Furthermore, your argument relies on a constellation of post hoc reasoning and a variety of value judgements. Remember my quote on the significance of the French Revolution made by Le Duc Tho (“Its too soon to tell”) made in 1973? I suspect that its presumptuous to claim an understanding of the long-term significance and impact of the Iraq War now: its implications might not be understood for a very, very long time.
You are also ignoring the role of other countries in the region. A constellation of interests by vastly disparate groups (Iran, Shia Muslims, Sunni Arab neighbors such as Kuwait, the UAE, Saudi Arabia to name a few) also conspired and continue to conspire to influence events in Iraq.
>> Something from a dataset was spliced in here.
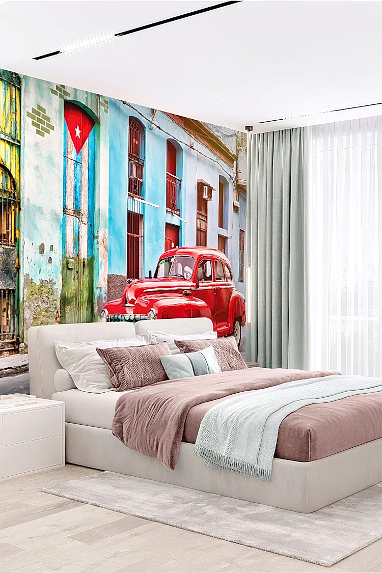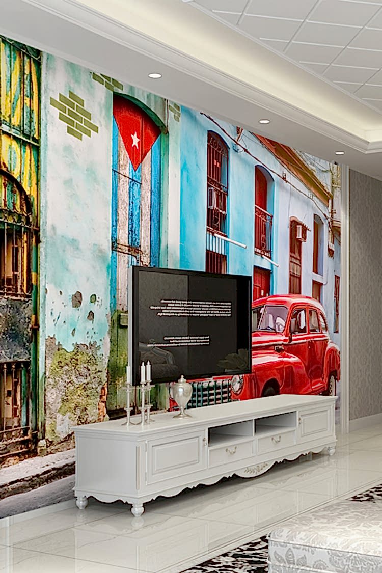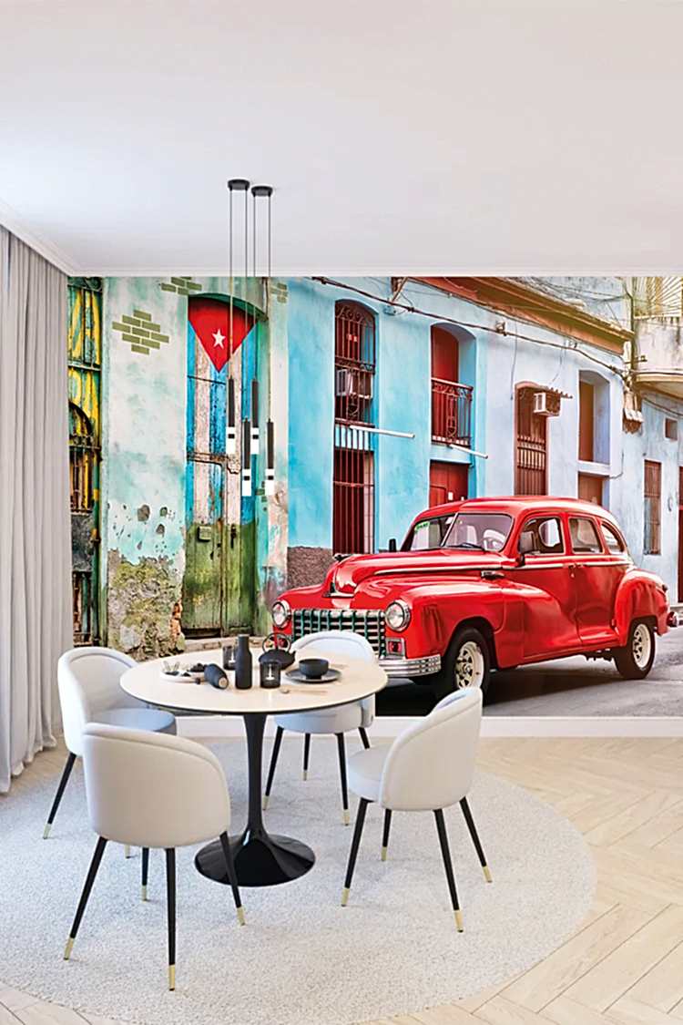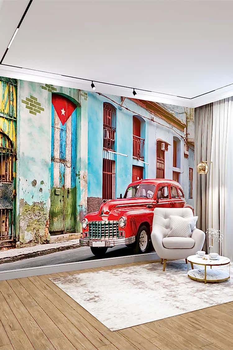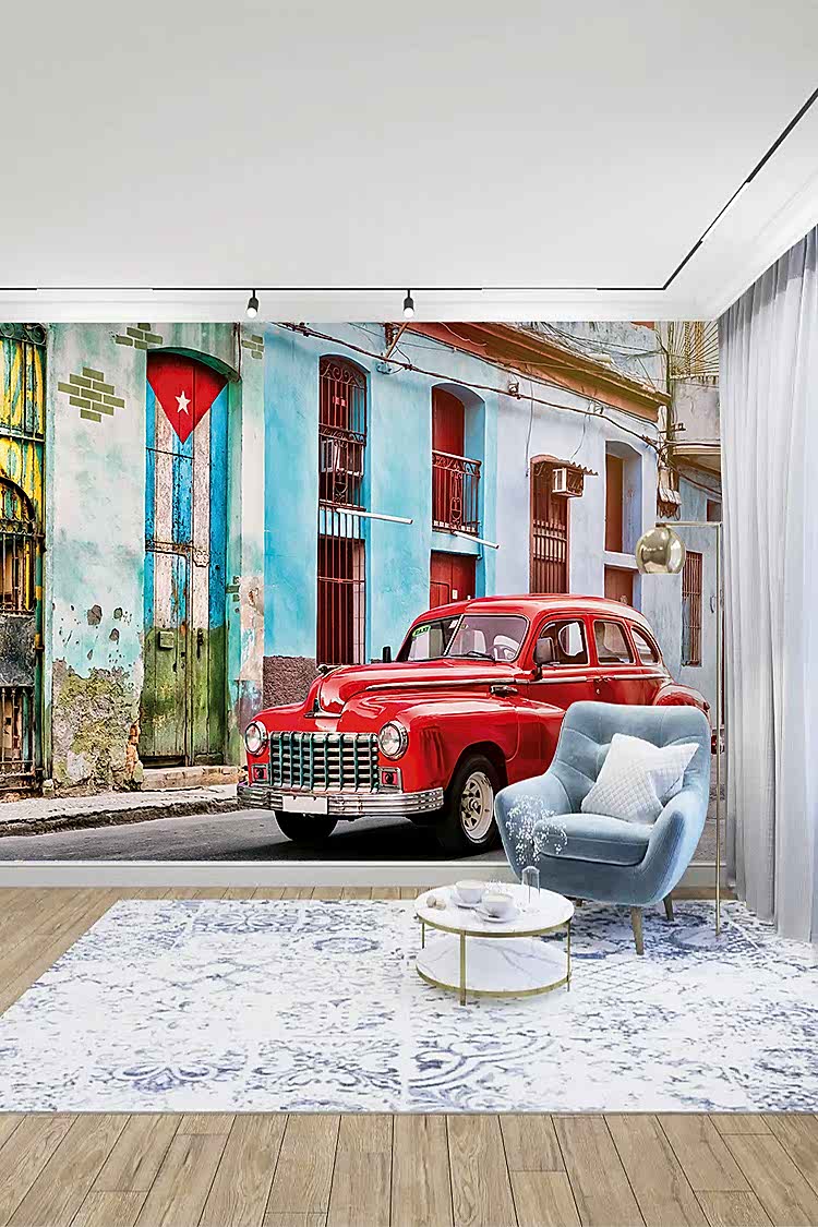 Küba Sokaklarında Klasik Araba Duvar Kağıdı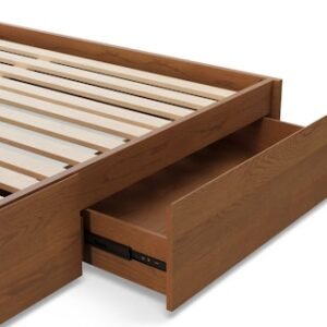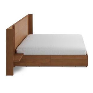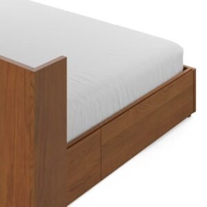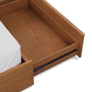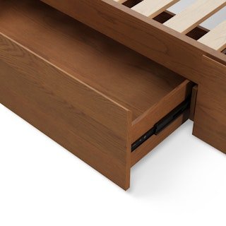 The strong, silent type. The Leif storage bed embodies the classic tropes we associate with Scandinavian good looks: tall, blond, sturdy, impeccable posture. But it’s not all good looks and clean lines; it’s also soft-spoken and sensitive to your (storage) needs. Featuring four soft-close drawers — two on either side, the Leif boasts some serious storage capacity. Now available with our Leif extensions included, they add a bedside table to either side while maintaining access to its ample storage. The extensions create a pleasing l-shaped wall for a cozy, cocooning effect — the perfect way to keep an open, airy vibe without sacrificing storage space.

In conclusion, I do not agree that, “…the people who were totally wrong about the Iraq war are provided these opportunities to rebuild their image and still have access to the mass media because they serve a useful propagandist purpose as ‘liberal’ spokespersons for war. Meanwhile those who were right about the war are still barely heard.” There is insufficient time to judge the outcome of the Iraq invasion, it cannot be proven that the supporters of the war were, “totally wrong” and, at least in the case of Pillar and Pollack, they are not attempting to rebuild their liberal images. Frankly, they don’t need to do so and, should they really wish to establish “liberal credentials” for whatever reasons, they are quite clever enough to do so without engaging in the intellectual duplicity you accuse them of.